POSEIDON.geometry
=================

.. py:module:: POSEIDON.geometry

.. autoapi-nested-parse::

   Functions to compute geometric aspects of the model atmosphere.



Functions
---------

.. autoapisummary::

   POSEIDON.geometry.atmosphere_regions
   POSEIDON.geometry.angular_grids
   POSEIDON.geometry.opening_angle


Module Contents
---------------

.. py:function:: atmosphere_regions(Atmosphere_dimension, TwoD_type, N_slice_EM, N_slice_DN)

   Establish the number of azimuthal sectors (Evening-Morning) and zenith
   zones (Day-Night) required to discretise the background atmosphere.

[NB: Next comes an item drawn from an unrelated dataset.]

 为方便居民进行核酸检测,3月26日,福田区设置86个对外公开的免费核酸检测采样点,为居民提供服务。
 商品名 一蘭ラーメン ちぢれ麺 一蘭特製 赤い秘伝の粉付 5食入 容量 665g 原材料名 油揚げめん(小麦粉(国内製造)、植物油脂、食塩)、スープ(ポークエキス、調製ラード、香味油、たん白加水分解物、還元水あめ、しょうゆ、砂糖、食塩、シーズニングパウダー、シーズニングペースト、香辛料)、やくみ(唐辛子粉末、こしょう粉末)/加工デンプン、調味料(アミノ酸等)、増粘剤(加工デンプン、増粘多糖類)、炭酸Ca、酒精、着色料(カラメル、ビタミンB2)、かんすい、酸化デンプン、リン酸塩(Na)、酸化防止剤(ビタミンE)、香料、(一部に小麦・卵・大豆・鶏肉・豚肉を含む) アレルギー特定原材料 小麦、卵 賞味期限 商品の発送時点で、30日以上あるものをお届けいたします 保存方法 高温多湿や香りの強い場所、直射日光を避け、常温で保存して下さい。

   :param Atmosphere_dimension: The dimensionality of the model atmosphere
                                (Options: 1 / 2 / 3).
   :type Atmosphere_dimension: int
   :param TwoD_type: For 2D models, specifies whether the model considers day-night
                     gradients or evening-morning gradients
                     (Options: D-N / E-M).
   :type TwoD_type: str
   :param N_slice_EM: Number of azimuthal slices in the evening-morning transition region.
   :type N_slice_EM: even int
   :param N_slice_DN: Number of zenith slices in the day-night transition region.
   :type N_slice_DN: even int

   :returns:     Number of azimuthal sectors comprising the background atmosphere.
             N_zones (int):
                 Number of zenith zones comprising the background atmosphere.
   :rtype: N_sectors (int)


.. py:function:: angular_grids(Atmosphere_dimension, TwoD_type, N_slice_EM, N_slice_DN, alpha, beta, sharp_DN_transition, sharp_EM_transition)

   Compute the grids of angles (sector / zone centres, edges, and differential
   extents) for a given discretised atmosphere.

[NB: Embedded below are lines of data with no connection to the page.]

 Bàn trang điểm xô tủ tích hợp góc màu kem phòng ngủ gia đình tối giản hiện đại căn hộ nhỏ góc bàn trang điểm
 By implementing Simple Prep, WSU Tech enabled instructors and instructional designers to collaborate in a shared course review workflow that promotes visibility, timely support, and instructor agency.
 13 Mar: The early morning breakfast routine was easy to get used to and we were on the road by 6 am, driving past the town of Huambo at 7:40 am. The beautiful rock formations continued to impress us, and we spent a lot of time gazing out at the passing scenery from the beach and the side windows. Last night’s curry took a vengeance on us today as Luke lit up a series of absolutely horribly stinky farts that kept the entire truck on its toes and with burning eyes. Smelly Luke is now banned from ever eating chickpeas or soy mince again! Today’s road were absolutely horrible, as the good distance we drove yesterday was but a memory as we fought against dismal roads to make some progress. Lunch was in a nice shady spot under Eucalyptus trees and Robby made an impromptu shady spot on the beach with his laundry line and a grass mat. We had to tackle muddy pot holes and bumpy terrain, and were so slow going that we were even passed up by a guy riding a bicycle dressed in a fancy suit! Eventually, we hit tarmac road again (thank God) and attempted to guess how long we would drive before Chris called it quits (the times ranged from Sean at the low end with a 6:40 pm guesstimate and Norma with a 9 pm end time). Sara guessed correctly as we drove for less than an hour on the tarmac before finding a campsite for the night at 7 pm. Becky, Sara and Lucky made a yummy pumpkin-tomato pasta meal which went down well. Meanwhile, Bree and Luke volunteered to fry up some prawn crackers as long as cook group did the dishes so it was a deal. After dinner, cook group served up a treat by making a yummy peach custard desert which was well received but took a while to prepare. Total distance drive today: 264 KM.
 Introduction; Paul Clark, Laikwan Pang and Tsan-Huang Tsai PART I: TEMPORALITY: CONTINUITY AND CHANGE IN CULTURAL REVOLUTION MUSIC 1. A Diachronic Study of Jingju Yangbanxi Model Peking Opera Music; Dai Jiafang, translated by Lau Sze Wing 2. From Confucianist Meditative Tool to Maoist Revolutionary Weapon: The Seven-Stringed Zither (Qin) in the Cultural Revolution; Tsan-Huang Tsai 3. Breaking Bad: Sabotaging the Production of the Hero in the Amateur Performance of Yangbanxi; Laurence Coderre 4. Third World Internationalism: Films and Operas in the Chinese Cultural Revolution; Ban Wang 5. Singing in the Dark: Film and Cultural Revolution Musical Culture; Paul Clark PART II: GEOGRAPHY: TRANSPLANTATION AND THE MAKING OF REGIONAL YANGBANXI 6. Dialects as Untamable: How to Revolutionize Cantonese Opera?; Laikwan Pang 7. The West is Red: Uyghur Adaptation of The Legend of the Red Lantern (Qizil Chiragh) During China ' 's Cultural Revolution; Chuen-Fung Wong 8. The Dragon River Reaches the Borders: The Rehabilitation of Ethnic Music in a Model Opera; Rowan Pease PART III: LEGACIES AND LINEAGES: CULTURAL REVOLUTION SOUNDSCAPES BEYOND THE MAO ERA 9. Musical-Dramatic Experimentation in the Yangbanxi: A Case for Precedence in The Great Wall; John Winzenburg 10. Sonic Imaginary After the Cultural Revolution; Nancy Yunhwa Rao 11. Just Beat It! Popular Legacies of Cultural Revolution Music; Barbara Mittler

   By convention, the angles are defined as:

   phi: angle in terminator plane measured clockwise from North pole.
   theta: angle from terminator plane measured towards nightside.

   Due to (assumed) North-South symmetry in all cases, we only need
   to consider theta > -pi/2 and/or phi < pi/2 (i.e. northern hemisphere).

   :param Atmosphere_dimension: The dimensionality of the model atmosphere
                                (Options: 1 / 2 / 3).
   :type Atmosphere_dimension: int
   :param TwoD_type: For 2D models, specifies whether the model considers day-night
                     gradients or evening-morning gradients
                     (Options: D-N / E-M).
   :type TwoD_type: str
   :param N_slice_EM: Number of azimuthal slices in the evening-morning transition region.
   :type N_slice_EM: even int
   :param N_slice_DN: Number of zenith slices in the day-night transition region.
   :type N_slice_DN: even int
   :param alpha: Terminator opening angle (degrees).
   :type alpha: float
   :param beta: Day-night opening angle (degrees).
   :type beta: float
   :param sharp_DN_transition: For 2D / 3D models, sets day-night transition width (beta) to 0.
   :type sharp_DN_transition: bool
   :param sharp_EM_transition: For 2D / 3D models, sets evening-morning transition width (alpha) to 0.
   :type sharp_EM_transition: bool

   :returns:     Mid-sector angles (radians).
             theta (np.array of float):
                 Mid-zone angles (radians).
             phi_edge (np.array of float):
                 Boundary angles for each sector (radians).
             theta_edge (np.array of float):
                 Boundary angles for each zone (radians).
             dphi (np.array of float):
                 Angular width of each sector (radians).
             dtheta (np.array of float):
                 Angular width of each zone (radians).
   :rtype: phi (np.array of float)


.. py:function:: opening_angle(R_p_ref, T, mu, g, log_sigma=-25.3, log_X=-3.3, tau_0=0.56, P_ref=0.01, gamma=0.01)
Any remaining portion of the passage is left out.